Q. John Paul Bingham – How much space are you building for 3,000 plants?

A. Autumn Karcey – 10,000 square feet.

Q. Carl Bergquist – I appreciate your pharmacy emphasis, how does that work?

A. Jaclyn Moore – We are focused on patient safety and avoiding product diversion. Pharmacists are experts at this. So we are applying traditional pharmacist skills to cannabis. We will also be providing comprehensive counseling – using partner information from Israel. When talking about diversion, it is all about record keeping which pharmacists are familiar with and our processes will go above and beyond.

A. Tracy Ryan – At CannaKids we have over 23 training videos for dispensary workers and patients and we will be expanding them to cannabis interactions with other drugs. We are also working on CME courses – first via licensing, and then by developing our own and making that into an acceptable training program.

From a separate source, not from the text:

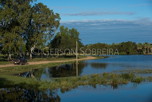 Paraguay Paraguai, Caminhonete, Estrada, Lagoa, Umido, Naranjito, Horizontal, 2017, Chaco

Q. Rep. Au Belatti – The working group is looking at recommendations – 10,000 sq ft for cultivation canopy – are you finding that jurisdictions are moving to canopy cover not plant count in their regulations?

A. Autumn Karcey – Different state have different populations, but canopy square footage is a better way to calculate – you need a certain square footage per patient. Plant counts might not work practically for the industry, you lose efficiencies with plant count – it eliminates the use of the sea of green and other mediums.

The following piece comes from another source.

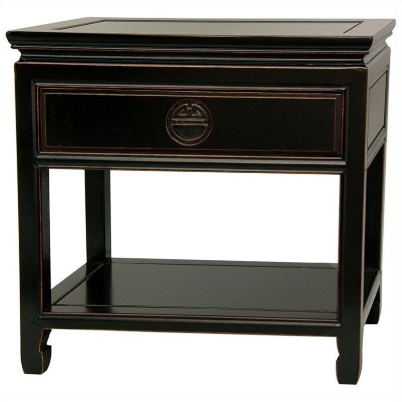 ![]() Oriental Furniture - Nightstands - STPA101AB - An elegantly finished, distressed black lacquer nightstand or end table, hand crafted from fine quality kiln dried Rosewood. A beautiful and practical design, with an easily accessed top drawer and open bottom shelf area, great for storing bedside reading. Authentic, sturdy and durable East Asian joinery and cabinetry. Convenient top drawer and large open bottom shelf. Carved ""Shou"" character long life medallion drawer handle. Offered in beautiful distressed black lacquer (shown) a two-tone stain finish. From one of the web's largest selections of fine oriental Rosewood furnishings. Designed with the classic Ming edged floating panel table top, to tolerate expansion from changes in moisture content in the wood. The drawer pull is carved in the shape of a ""Shou"", symbolizing long life. We also offer this cabinet in a beautiful two tone light medium Cherry stained finish, as well as a similar nightstand with cabinet doors instead of the open shelf. From one of the web's largest selections of oriental Asian design nightstands and end tables, in a wide variety of finishes, configurations, and dimensions.Finish: blackIncludes top drawer and large open bottom shelfMade of kiln dried rosewoodAuthentic, sturdy and durable east Asian joinery and cabinetryMing edged floating panel design of table topCarved ""shou"" character drawer handleSpecifications:Product Weight: 28.5lbsOverall Dimensions: 22"" H x 22"" W x 14"" D Price: 449.00 |

Q. Rep. Au Belatti – We are excited about Lau Ola, CannaKids, and Technion working together, how does that play out for Hawaii? We have Doctors and kids here, is there anyway to help local clinical researchers be involved?

A. Tracy Ryan – Absolutely – We want to do as many trials for as many indications as possible. We are raising more money now for this research. We would love to work with UH and doctors and nurses here in Hawaii to help patients and to become part of our global family. We are currently talking with research partners in LA, Israel, Canada, and neurologists and autism specialists in Israel/ The door is open to do as much or as little as you want. First thing we want is to get established here to help the patients and bring our brands over.

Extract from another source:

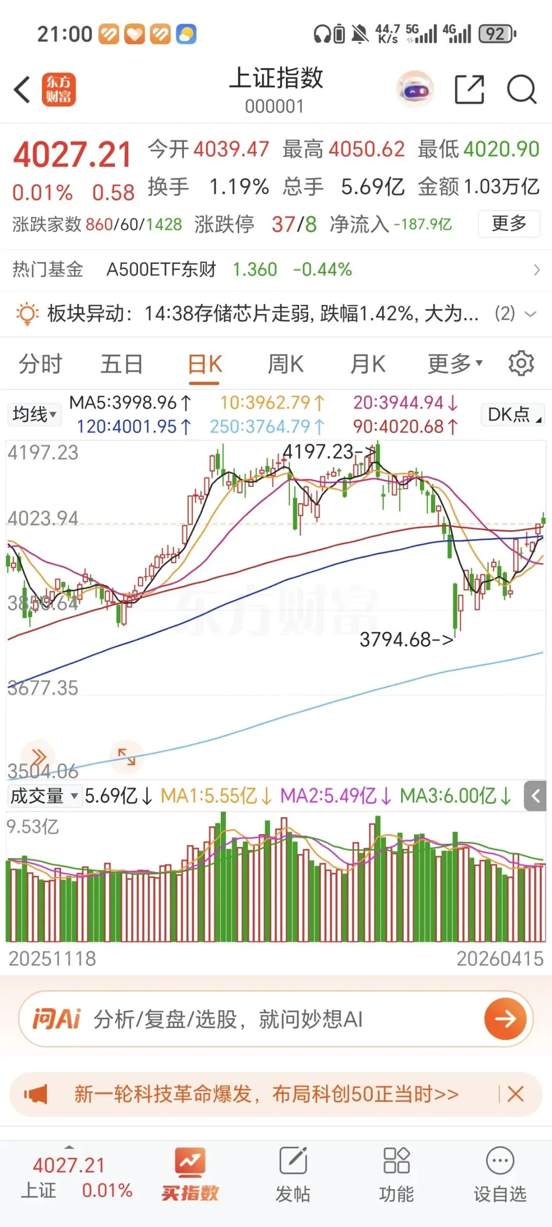 在受到国际原因影响指数没能摆脱4100点之后急跌400点,现在又到了试探4100这个关键区间的时候,不可掉以轻心,这里需要走出一个缺口更能判断

Q. Rep. San Buenaventura – Richard, in the past you mentioned something about collaborating with UH School of Pharmacy to use their facilities etc? Is that possible?

A. Richard – We are actively exploring that now and will see how it develops.

Q. Rep. San Buenaventura – Tracy have you reached out to the School of Pharmacy?

A. Not yet, but I would absolutely love to and to get them involved.

Q. Sen. Baker – Bringing blends in – given the state of cannabis law at the federal level – what does that mean?

A. Tracy Ryan – Just the recipe and formulations – we will grow and make the products here.

Q. Sen. Baker – You’re not looking to cross plants?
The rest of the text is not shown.